Economic policy is the primary activity of the modern state. And if there is one thing that the public deeply misunderstands, it is economics…

Aside from character, most of the critical choices voters make are economic. E.g., should health care be more centrally-planned and funded, or more driven by the incentives of free markets and choice? Unfortunately, there is solid evidence that voters are not only very poorly informed on the basic principles of economics, but instead have consistent biases — literally “stupid biases”. The result is that the populace frequently votes against policies that benefit the majority. Like misunderstandings of probability and statistics, evolution produced humans with some economic intuitions that are very harmful in the modern world.

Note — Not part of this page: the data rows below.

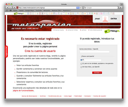 Identifícate en Motorpasión con los datos de la cuenta que desees utilizar como principal y única para el resto de publicaciones de Weblogs SL, sea tradicional con e-mail y contraseña u OpenID, y pulsa el botón Entrar.
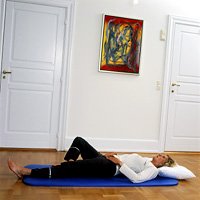![]() | Du skal ligge på ryggen med det ene ben strakt og det andet bøjet. Før det bøjede ben ud til siden og tilbage over det strakte knæ. Gentag øvelsen cirka 10 gange med hvert ben. |
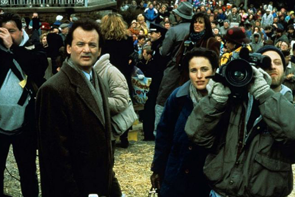 The basic construction of the movie is simple: Phil Connors (national treasure Bill Murray) is a misanthropic weather man who hates -- truly loathes beyond all reason -- the annual Ground Hog Day Celebration in Punxsutawney, PA. As you probably know, every year the groundhog, Punxsutawney Phil, will emerge from his little hollow (or, really, get yanked out a cage for the celebration) and if he sees his shadow it portends six more weeks of winter. It's dumb (as Murray's Phil points out repeatedly) but the celebration is fun and silly. Phil hates it, so after the event itself is over he flees to the news van to head home, but they get trapped in Punxsutawney by a giant blizzard.
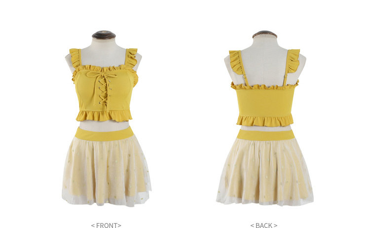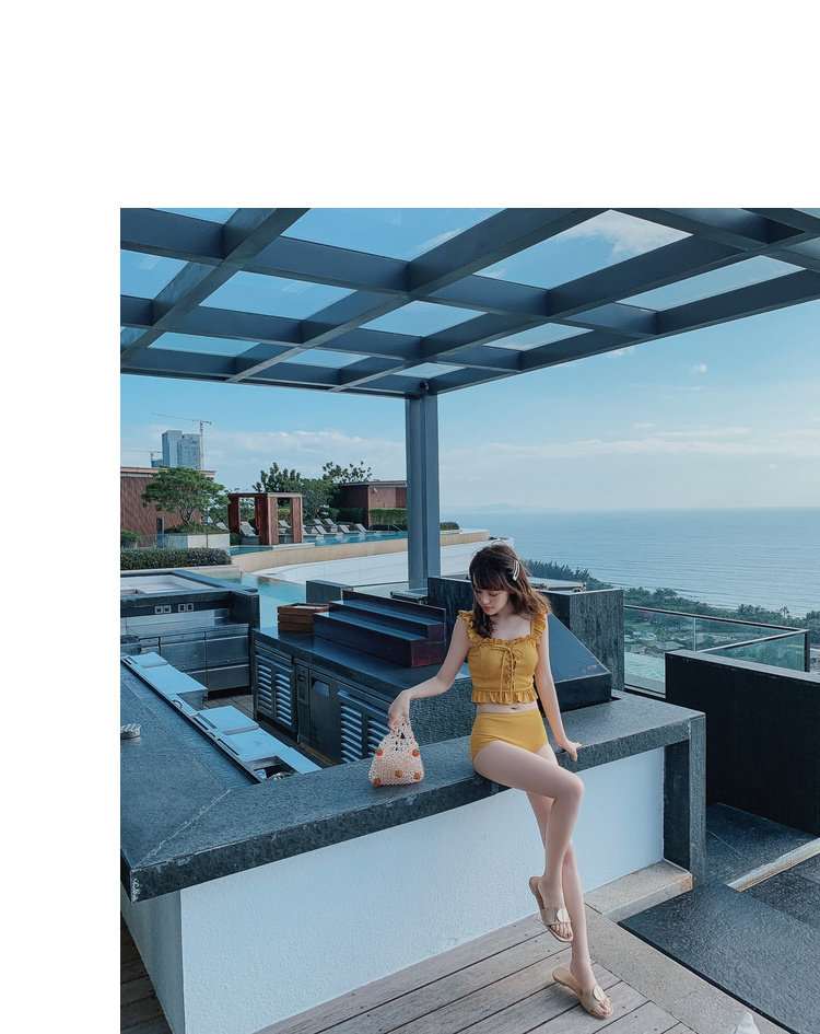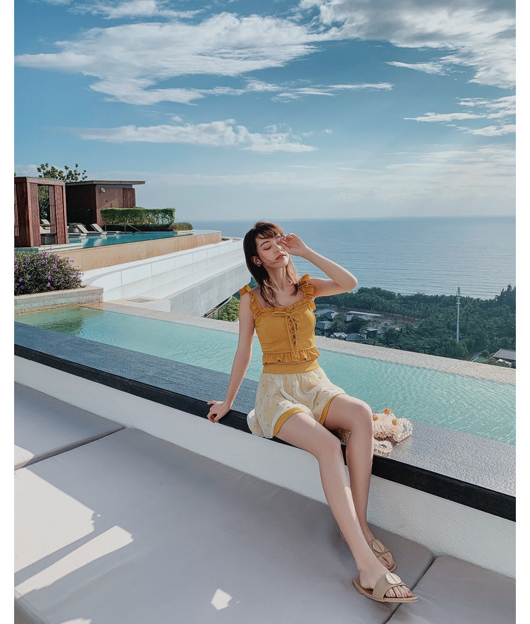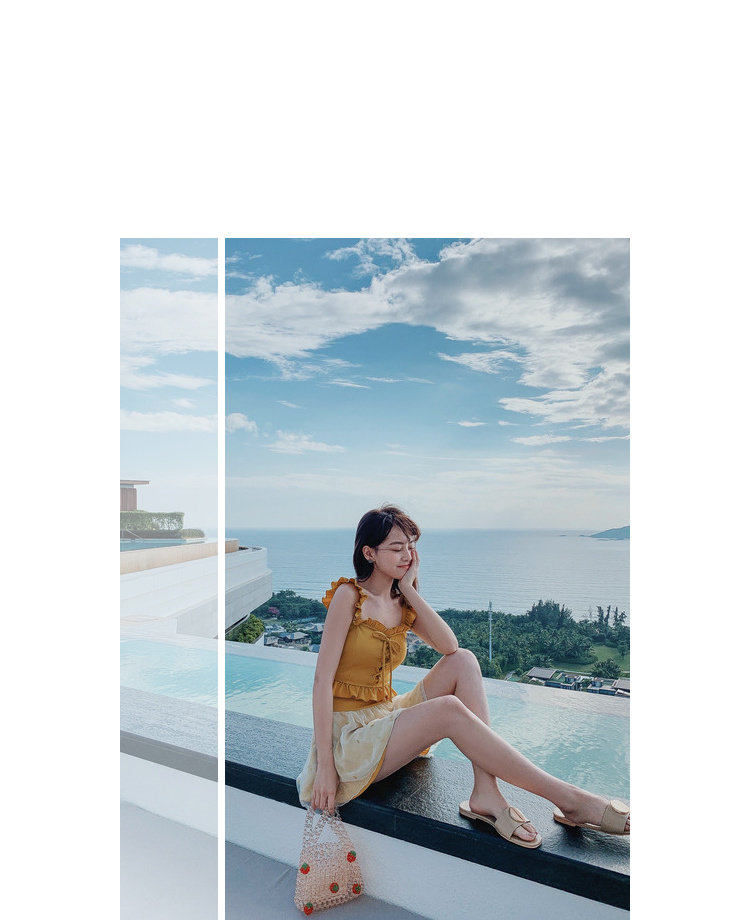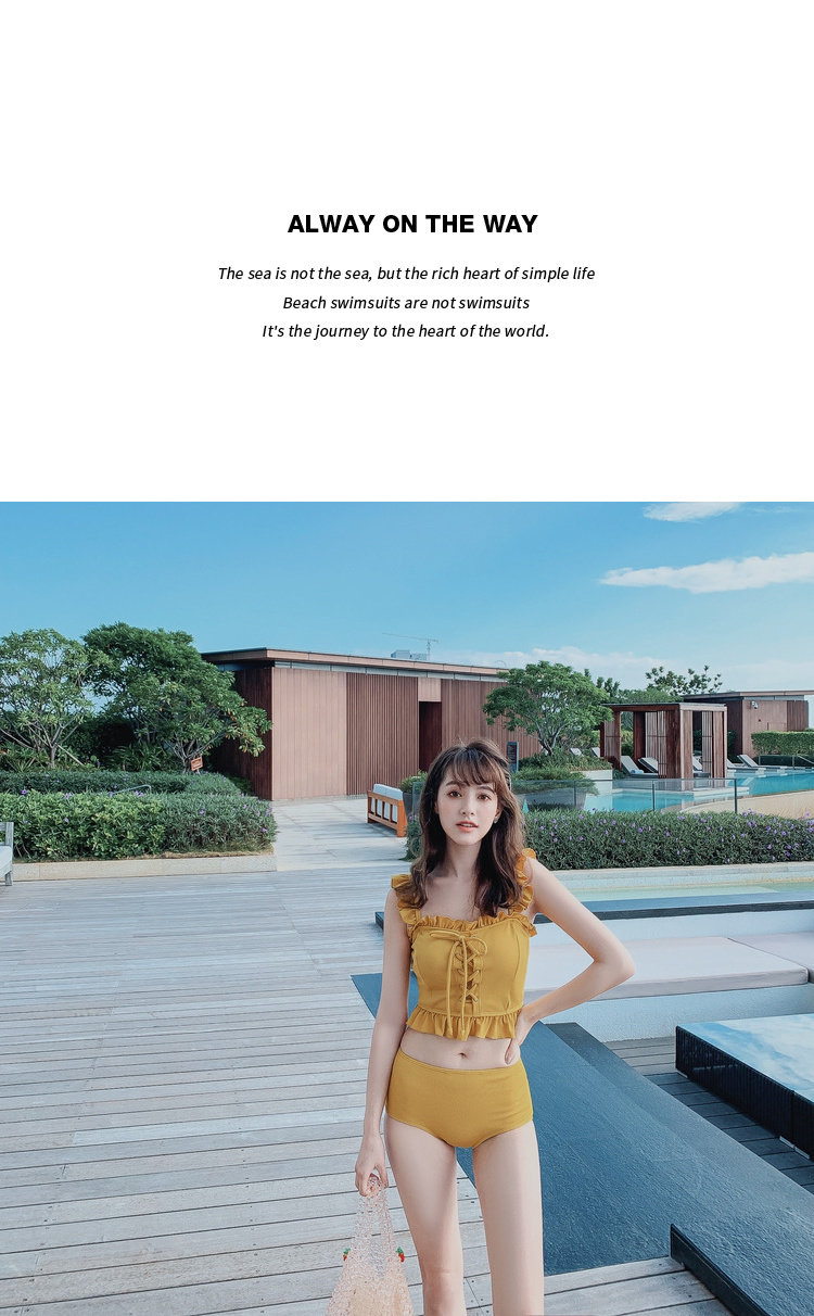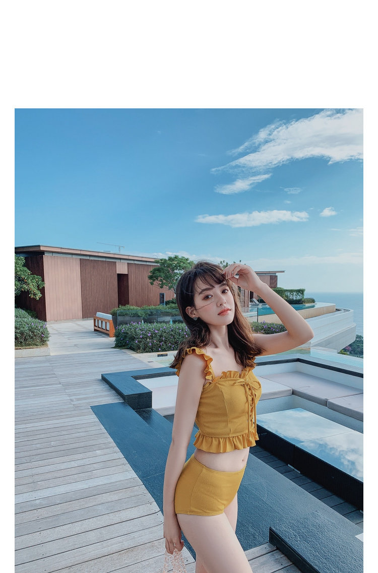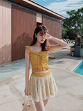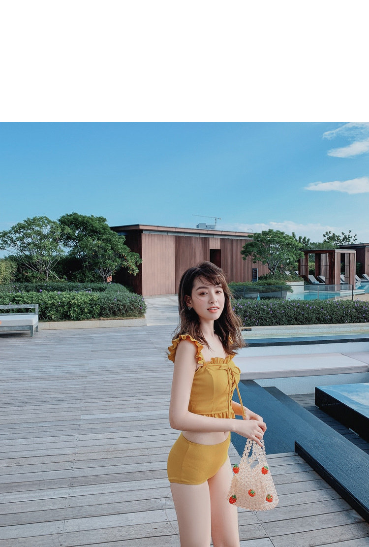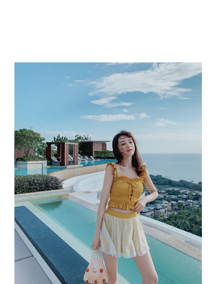 "Теплый купальник желтого цвета с простым и незамысловатым дизайном.Делает кожу более белой и блестящейДобавлен блеск линиям телаНе делайте гостей и делайте красоту женских кривых более заметнымиДизайн топа на бретельках и бежевой юбкиПозвольте вам стать красивым пейзажем у моря"
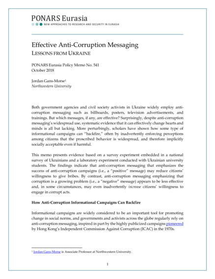 "This memo presents evidence based on a survey experiment embedded in a national survey of Ukrainians and a laboratory experiment conducted with Ukrainian university students. The findings indicate that anti-Corruption messaging that emphasizes the success of anti-Corruption campaigns (i.e., a “positive” message) may reduce citizens’ willingness to give bribes. By contrast, anti-Corruption messaging emphasizing that corruption is a growing problem (i.e., a “negative” message) appears to be less effective and, in some circumstances, may even inadvertently increase citizens’ willingness to engage in corrupt acts." (Page 1)
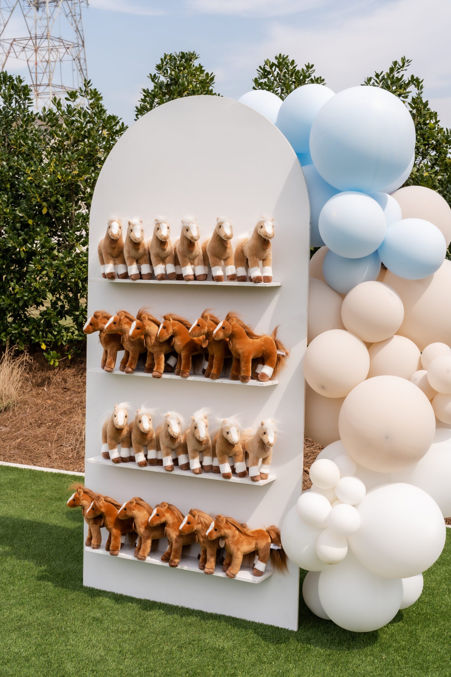 “After grabbing a stuffed horse from the favor wall, they went on to the different stations: check-up station with medical equipment and bandages, brushing station with wooden combs, jockey attire station where they could design and color their outfit, mini rose wreath making station, and finally they were awarded certificates and blue ribbons,” she explains.
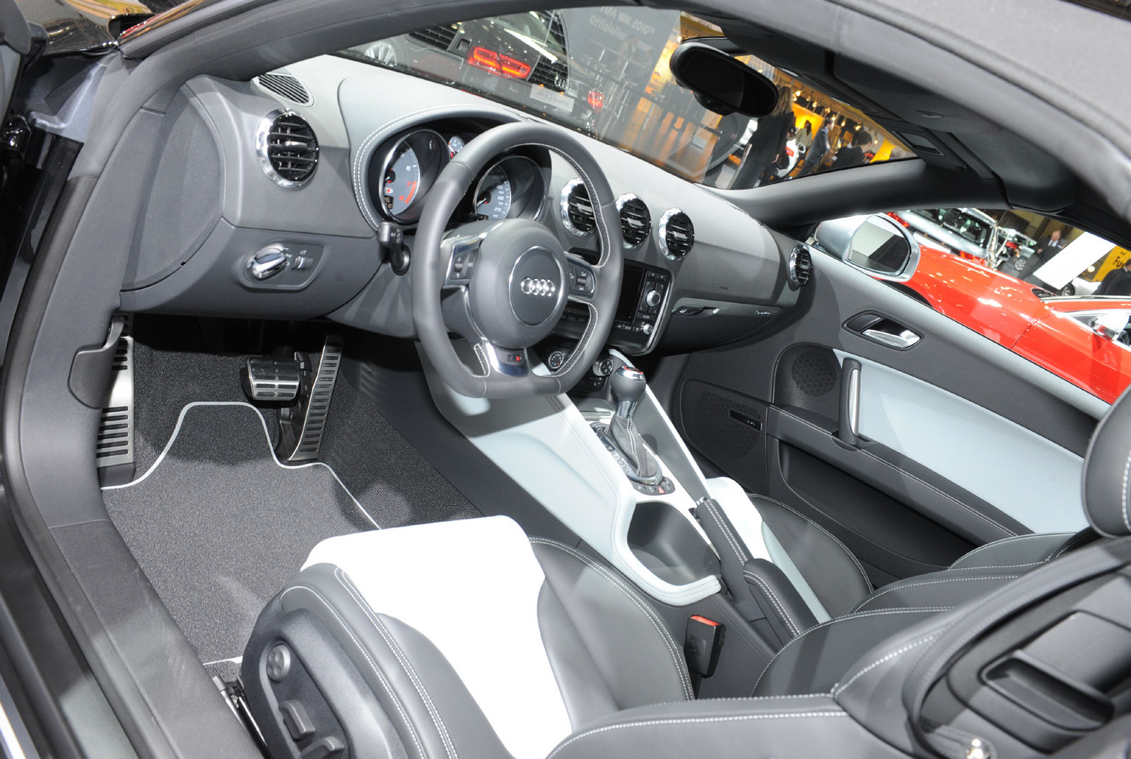 The interior of the TT features a sporty design, dynamic elegance and generous amounts of space. The standard sport seats are mounted low and offer a high level of lateral support. The steering wheel is flattened at the bottom. The five round air vents and the arched cowl over the round-dial instruments exude the spirit characteristic of the TT. The ergonomics are logical and the fit and finish is uncompromisingly precise – just like always with Audi. When the ignition is turned, the dials of the speedometer and tachometer briefly run up to the limit before returning to zero.
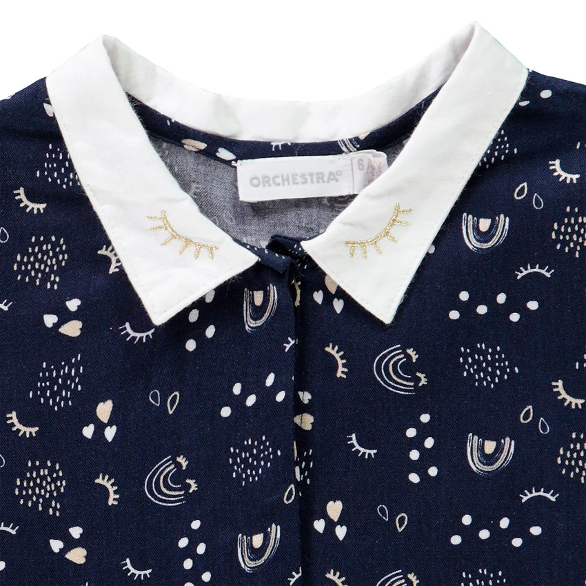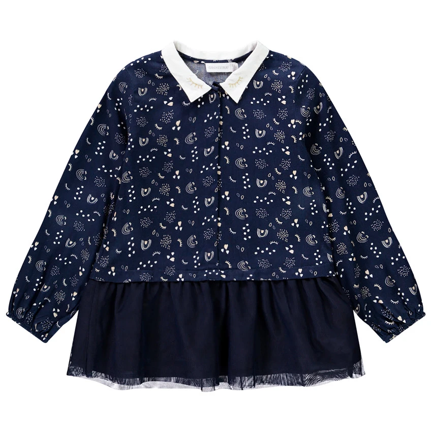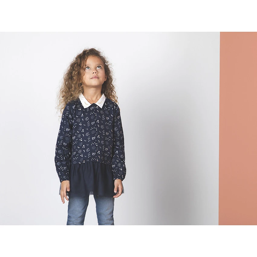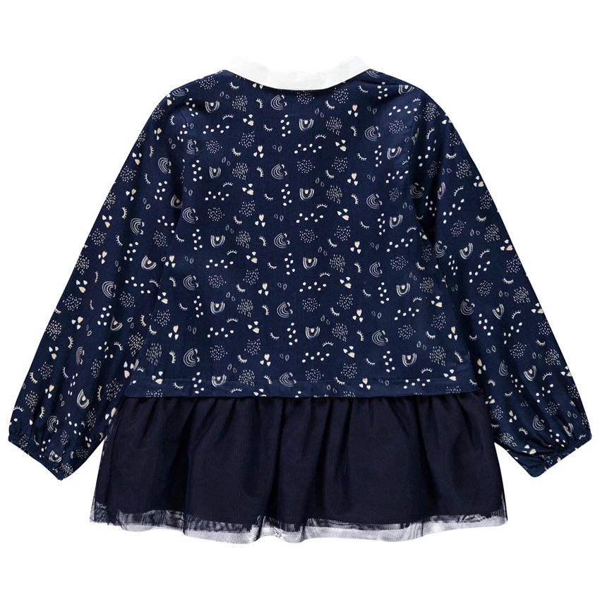 Tunique manches longues effet 2 en 1. Col fantaisie avec broderies. Ouverture sur le devant. Imprimé fantaisie. Bas de la tunique en tulle uni doublé. Bout des manches élastiqué.

The most accessible current treatment is Bryan Caplan’s new April, 2007 book. For podcast fans, a very informative discussion between Caplan and Russ Roberts can be found at EconTalk as a 1 hr 21 minute podcast. And today I found that Bryan has the cover story at Reason, where he offers an overview of four key biases:

• the anti-market bias,
• the anti-foreign bias,
• the make-work bias, and
• the pessimistic bias.

Bryan includes many good examples to illustrate the prevalence of these biases. And some good anecdotes:

…International trade is, as the economic writer Steven Landsburg explains in his 1993 book The Armchair Economist, a technology: “There are two technologies for producing automobiles in America. One is to manufacture them in Detroit, and the other is to grow them in Iowa. Everybody knows about the first technology; let me tell you about the second. First you plant seeds, which are the raw materials from which automobiles are constructed. You wait a few months until wheat appears. Then you harvest the wheat, load it onto ships, and sail the ships westward into the Pacific Ocean. After a few months, the ships reappear with Toyotas on them.

…Anti-foreign bias is easier to spot nowadays. To take one prominent example, immigration is far more of an issue now than it was in Smith’s time. Economists are predictably quick to see the benefits of immigration. Trade in labor is roughly the same as trade in goods. Specialization and exchange raise output—for instance, by letting skilled American moms return to work by hiring Mexican nannies.

In terms of the balance of payments, immigration is a nonissue. If an immigrant moves from Mexico City to New York and spends all his earnings in his new homeland, the balance of trade does not change. Yet the public still looks on immigration as a bald misfortune: jobs lost, wages reduced, public services consumed. Many in the general public see immigration as a distinct danger, independent of, and more frightening than, an unfavorable balance of trade. People feel all the more vulnerable when they reflect that these foreigners are not just selling us their products. They live among us.

Lastly, I found an Executive Summary [PDF]. What can we do to improve voter rationality? Well, bloggers can offer regular examples of irrational voter choice — explaining of course the economics of the issue.

Seriously, universal economics education is the only answer. Beginning with a redesign of the “Civics” or “Social Studies” courses upon a firm foundation of economics — including lots of illustrations of the four biases. If the free market were unshackled in education, would the consumer of education demand such reforms? I’m confident that would happen over time — but I really don’t know what today’s consumers would choose.